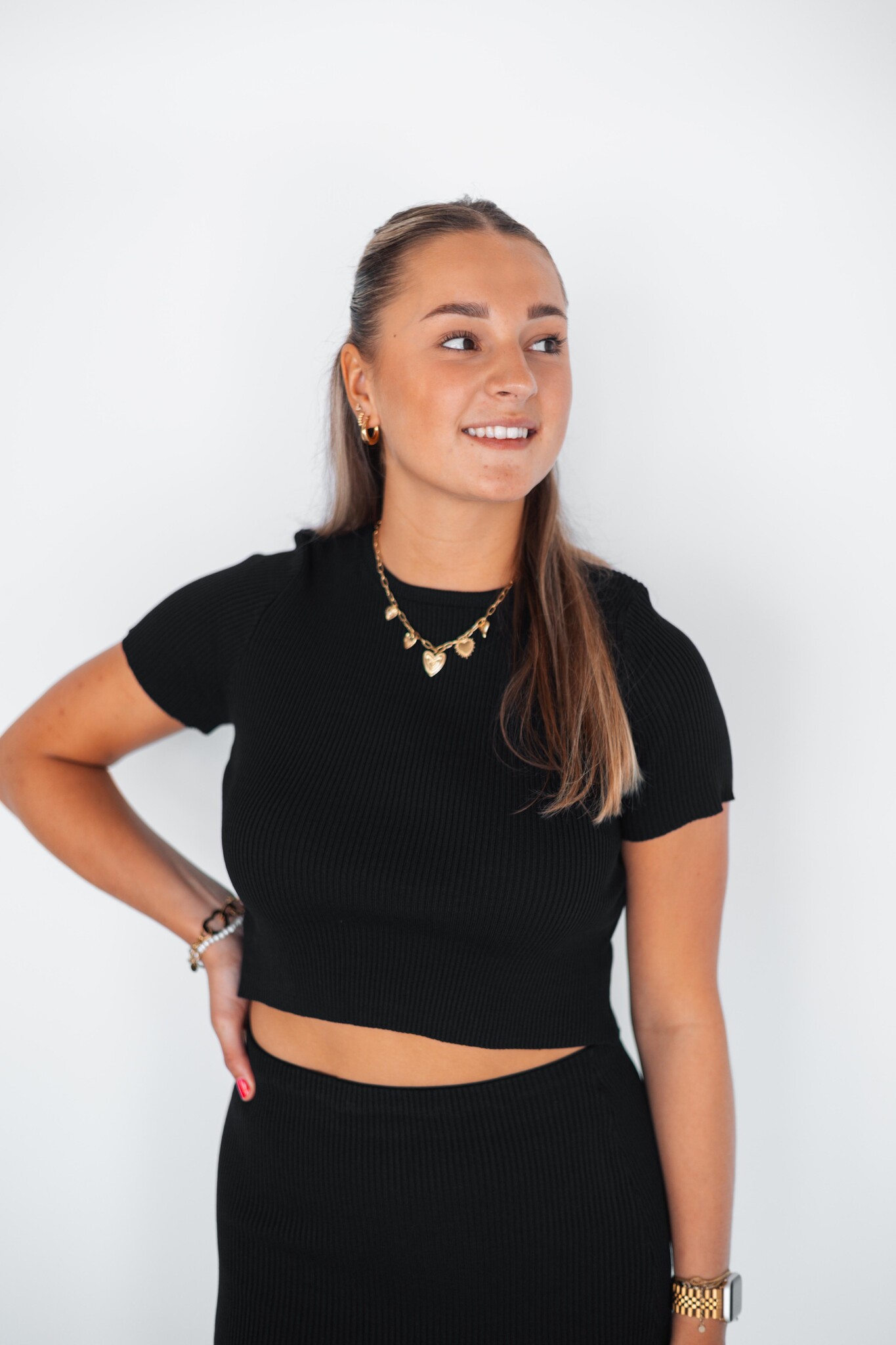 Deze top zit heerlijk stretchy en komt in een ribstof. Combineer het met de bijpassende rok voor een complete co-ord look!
-*-*-
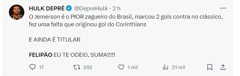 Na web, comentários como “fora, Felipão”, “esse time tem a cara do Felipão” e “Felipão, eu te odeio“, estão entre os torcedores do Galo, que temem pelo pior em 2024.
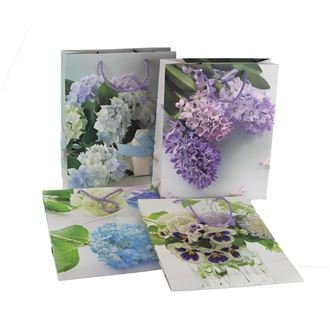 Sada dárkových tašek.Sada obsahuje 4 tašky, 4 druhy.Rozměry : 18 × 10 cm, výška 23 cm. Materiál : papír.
-*-*-
- TASK DESCRIPTION -
Print the part of the listing above that opens with the line containing "Na web, comentários" and closes with the line containing "Sada dárkových tašek.Sada". Copy it exactly, both ends included, and omit the pictures.

- TASK RESPONSE -
 Na web, comentários como “fora, Felipão”, “esse time tem a cara do Felipão” e “Felipão, eu te odeio“, estão entre os torcedores do Galo, que temem pelo pior em 2024.
 Sada dárkových tašek.Sada obsahuje 4 tašky, 4 druhy.Rozměry : 18 × 10 cm, výška 23 cm. Materiál : papír.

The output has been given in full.